Without including any images, repeat the data exactly.

Information shown START

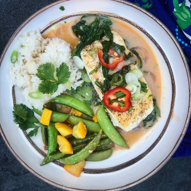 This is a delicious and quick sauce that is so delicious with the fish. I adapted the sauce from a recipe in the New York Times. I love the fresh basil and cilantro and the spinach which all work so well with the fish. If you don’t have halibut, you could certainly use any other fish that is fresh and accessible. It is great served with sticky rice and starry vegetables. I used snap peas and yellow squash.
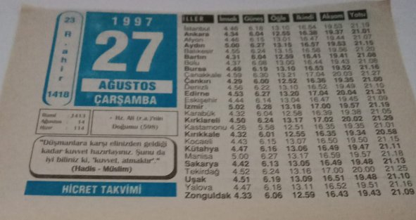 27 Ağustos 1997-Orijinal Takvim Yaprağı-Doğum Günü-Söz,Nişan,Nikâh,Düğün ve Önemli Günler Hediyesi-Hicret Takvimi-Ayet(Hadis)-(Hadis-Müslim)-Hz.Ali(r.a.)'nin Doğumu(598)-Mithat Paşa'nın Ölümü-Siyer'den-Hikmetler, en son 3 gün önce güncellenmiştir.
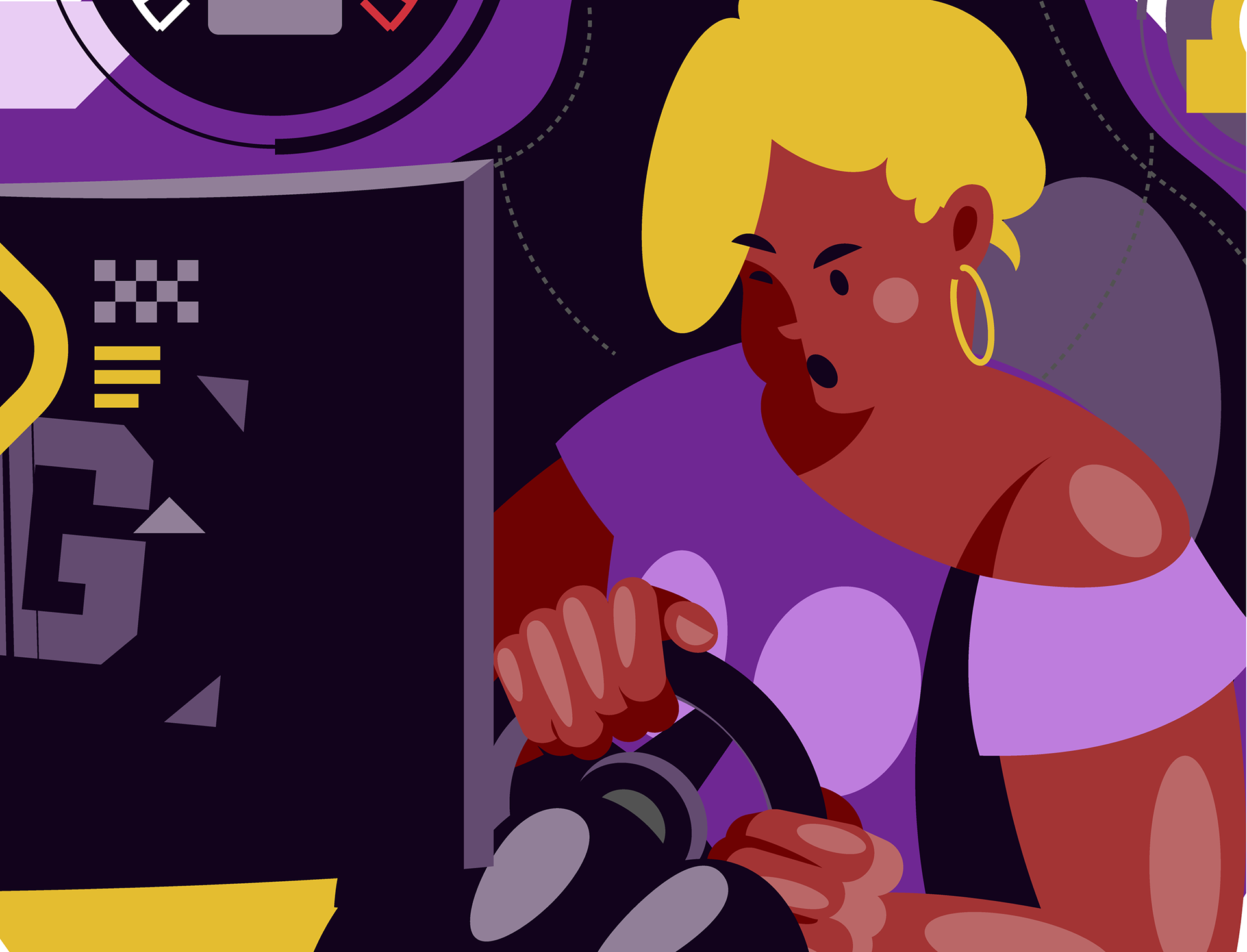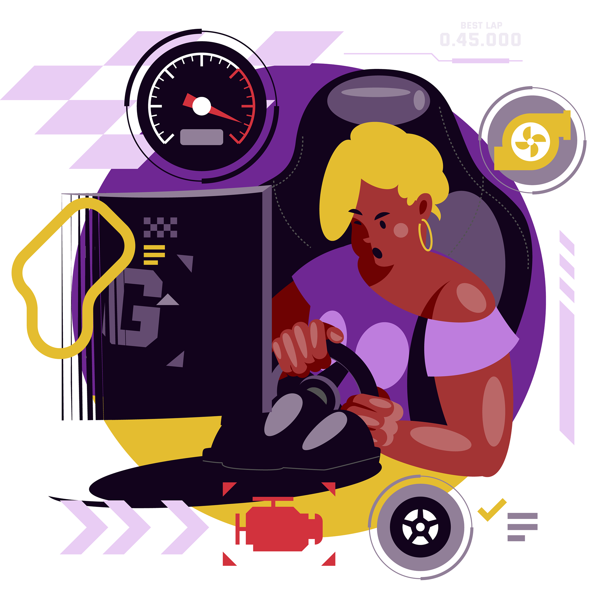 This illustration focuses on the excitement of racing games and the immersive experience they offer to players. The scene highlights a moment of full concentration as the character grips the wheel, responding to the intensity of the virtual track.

Information shown END

• _Final answer_:
 This is a delicious and quick sauce that is so delicious with the fish. I adapted the sauce from a recipe in the New York Times. I love the fresh basil and cilantro and the spinach which all work so well with the fish. If you don’t have halibut, you could certainly use any other fish that is fresh and accessible. It is great served with sticky rice and starry vegetables. I used snap peas and yellow squash.
 27 Ağustos 1997-Orijinal Takvim Yaprağı-Doğum Günü-Söz,Nişan,Nikâh,Düğün ve Önemli Günler Hediyesi-Hicret Takvimi-Ayet(Hadis)-(Hadis-Müslim)-Hz.Ali(r.a.)'nin Doğumu(598)-Mithat Paşa'nın Ölümü-Siyer'den-Hikmetler, en son 3 gün önce güncellenmiştir.
 This illustration focuses on the excitement of racing games and the immersive experience they offer to players. The scene highlights a moment of full concentration as the character grips the wheel, responding to the intensity of the virtual track.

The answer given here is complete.